Sa poitrine aspirait aisément l’air noir. Il pensait : que c’est bien que la vie n’ait aucun sens, que c’est bien que j’aie eu une femme pour le dîner et que là-bas, à la maison, sur la table attendent du jambon et une bouteille de vin blanc, que c’est bien que quelque part quelqu’un pense à la place de ceux qui peuvent ne pas penser. L’homme regarda devant lui : la bosse d’un pont se rapprochait. Les lumières de la ville nuiteuse tentaient de se noyer – mais elles ne pouvaient pas : la rivière et le vent les berçaient sur l’onde noire. Il alla jusqu’au milieu du méandre et se pencha par-dessus le parapet du pont. Des gouttes de pluie dispersées en bruine fine lui tombèrent dessus. Il lui fallait mettre son chapeau. Voilà, ça y était.
Àquoibon, sentant l’os humain chaud appuyer sur le cuir de son logement provisoire, se ranima. Diable, il n’était pas fait pour les affres de la vie extracrânienne. Il se souvenait de la chaleur du cerveau, du moelleux du cortex, de la profondeur accueillante des circonvolutions des pensées. Il s’extirpa du giron de cuir, s’approcha de la suture temporale et sauta avec précaution dans le cerveau de l’inconnu.
Il y a des cerveaux qui sont des centres cérébraux perpétuellement sur le qui-vive – sous les lampions toujours allumés des sens – dont les circonvolutions se croisent comme les carrefours des avenues new-yorkaises. Il y a des esprits calmes, mais travailleurs, comme un village de pêcheurs. Ils aiment les pauses ensommeillées (Descartes dormait onze heures par jour), mais, quand ils se réveillent, ils jettent leurs nasses dans la réalité et attendent patiemment d’attraper quelque chose.
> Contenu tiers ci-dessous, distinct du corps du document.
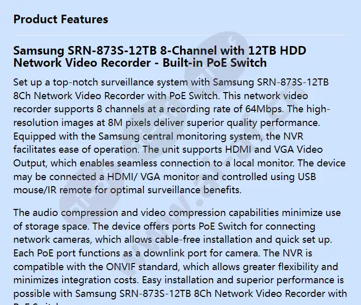 Samsung SRN-873S-12TB 8-Channel with 12TB HDD Network Video Recorder - Built-in PoE Switch Set up a top-notch surveillance system with Samsung SRN-873S-12TB 8Ch Network Video Recorder with PoE Switch. This network video recorder supports 8 channels at a recording rate of 64Mbps. The high-resolution images at 8M pixels deliver superior quality performance. Equipped with the Samsung central monitoring system, the NVR facilitates ease of operation. The unit supports HDMI and VGA Video Output, which enables seamless connection to a local monitor. The device may be connected a HDMI/ VGA monitor and controlled using USB mouse/IR remote for optimal surveillance benefits. The audio compression and video compression capabilities minimize use of storage space. The device offers ports PoE Switch for

Il y a des esprits qui étaient des esprits mais se sont décatis, ont gaspillé les pensées qui les habitaient, les ont laissées s’entasser sous le sable des secondes, se transformant en pensées de musée visitées par de rares pensées-touristes. C’était exactement le cas du cerveau de l’homme qui venait d’enfiler un chapeau inconnu abritant un Àquoibon inconnu dans son bandeau de cuir. La pensée, impatiente de retrouver un cerveau, sauta dans cette tête elle aussi inconnue et se mit à parcourir à toute allure – avec le zèle d’un authentique touriste – tous ses coins et recoins les plus cachés. Les pas d’Àquoibon effleurèrent tous les neurones, toutes les fibres et les filaments nerveux. L’homme accroché au parapet restait debout, tourné vers les lumières à demi noyées. Entre son chapeau et son front perlaient des gouttes de sueur froide. Ses lèvres se déformèrent : « À quoi bon ? », il se pencha plus bas, puis encore plus bas et, pour seule réponse brève et froide, les feux s’ouvrirent en un jaillissement.